**Exercise description:**
Please write out exactly the line containing "ウィンター 冬物 yingd29524412619" below and every line after it, through the last one, but leave out any pictures.

*** Given data Section Begins ***

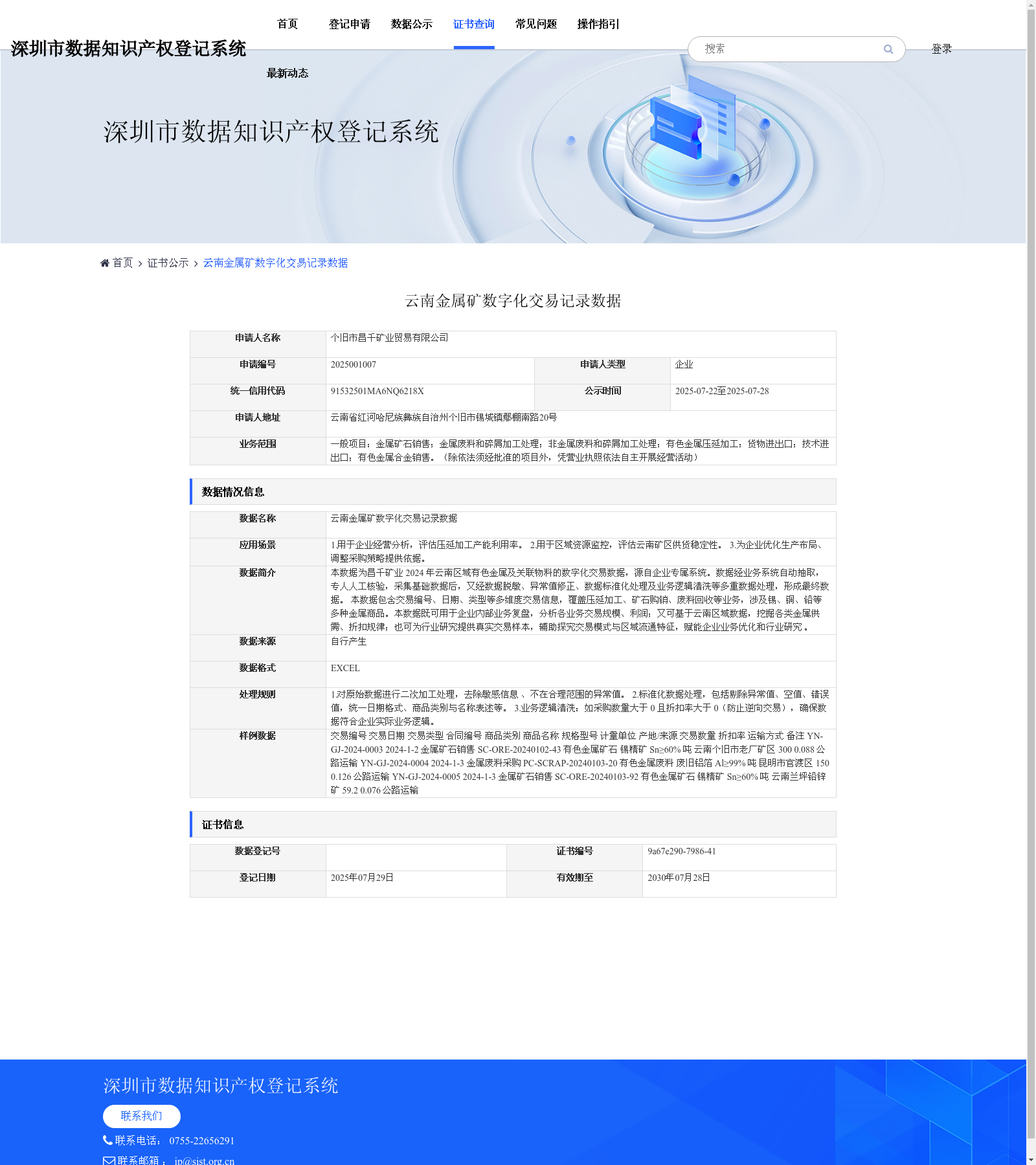 个旧市昌千矿业贸易有限公司 本次登记的数据知识产权 云南金属矿数字化交易记录数据, 1.用于企业经营分析,评估压延加工产能利用率。 2.用于区域资源监控,评估云南矿区供货稳定性。 3.为企业优化生产布局、调整采购策略提供依据。
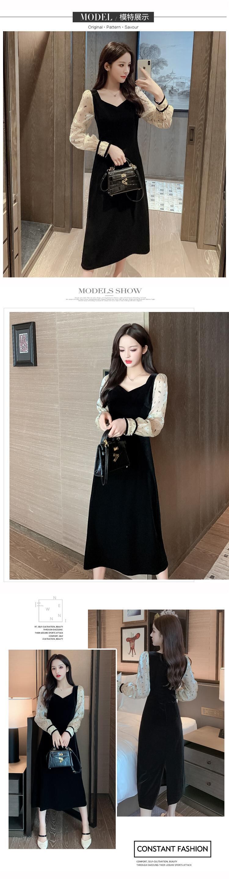 フレンチレトロヘップバーンスタイルロングスカート女性秋冬気質ライトラグジュアリーレディースセクシースプリットベルベットドレス女性秋冬 オータム 秋物 ウィンター 冬物 yingd29524412619
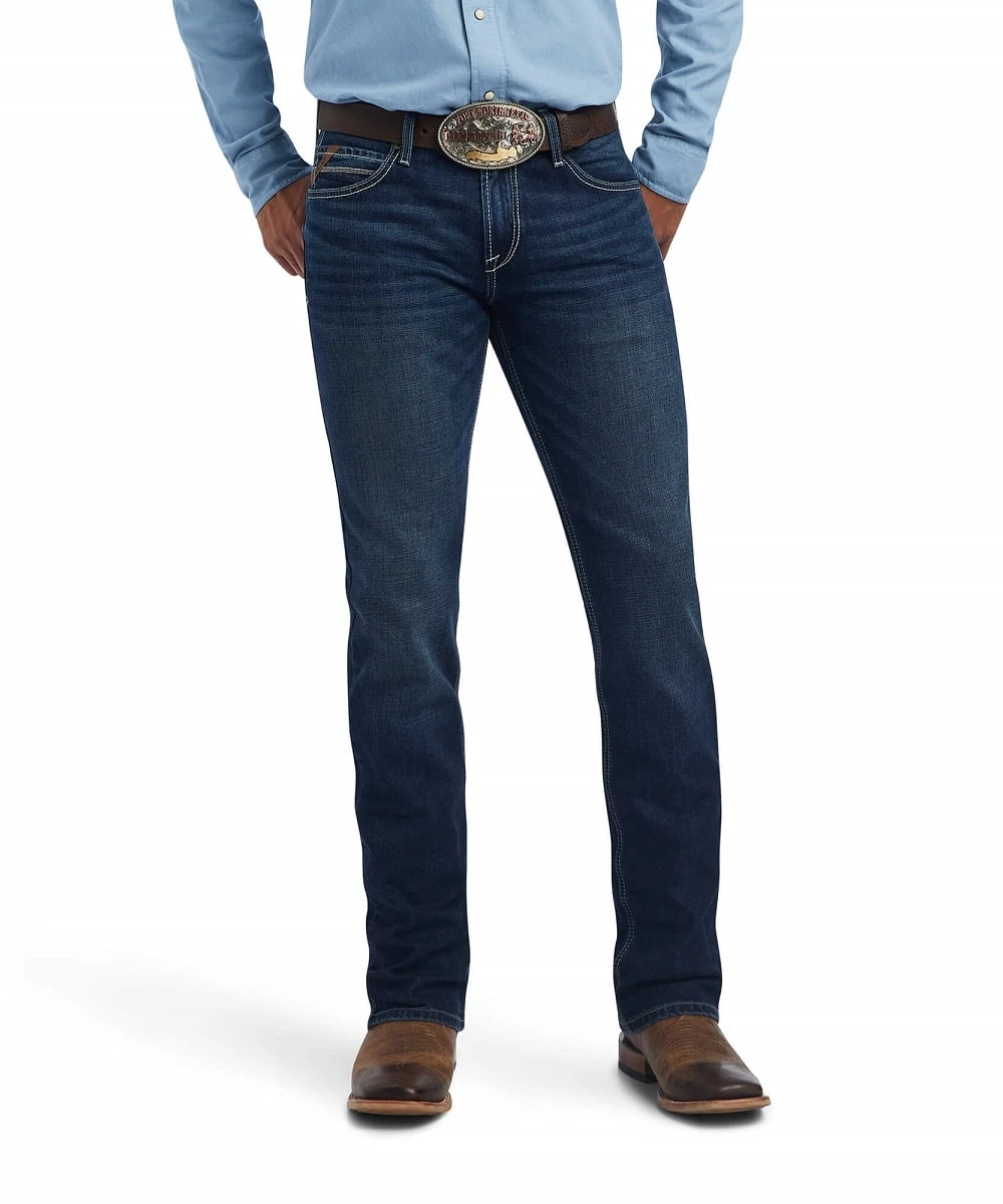 99% Cotton/1% Spandex; 13.5 Oz Stretch Denim; Color: Drake; Sits Below The Waist; Loop Lock Reinforced Rear Belt Loop; Anchored Belt Loops; Fashionable Stitching On Rear Pockets; Five Pocket Style; Light Whiskering; Heavy Duty Zippers And Hardware; Extra Deep Front Pockets; No Rub Comfort Inseam; Slim Through Seat And Thigh; Straight Leg Opening; M7 Is Slim And Modern Without Being Tight Or Restrictive; Style #10041092

*** Given data Section Ends ***

**Result:**
 フレンチレトロヘップバーンスタイルロングスカート女性秋冬気質ライトラグジュアリーレディースセクシースプリットベルベットドレス女性秋冬 オータム 秋物 ウィンター 冬物 yingd29524412619
 99% Cotton/1% Spandex; 13.5 Oz Stretch Denim; Color: Drake; Sits Below The Waist; Loop Lock Reinforced Rear Belt Loop; Anchored Belt Loops; Fashionable Stitching On Rear Pockets; Five Pocket Style; Light Whiskering; Heavy Duty Zippers And Hardware; Extra Deep Front Pockets; No Rub Comfort Inseam; Slim Through Seat And Thigh; Straight Leg Opening; M7 Is Slim And Modern Without Being Tight Or Restrictive; Style #10041092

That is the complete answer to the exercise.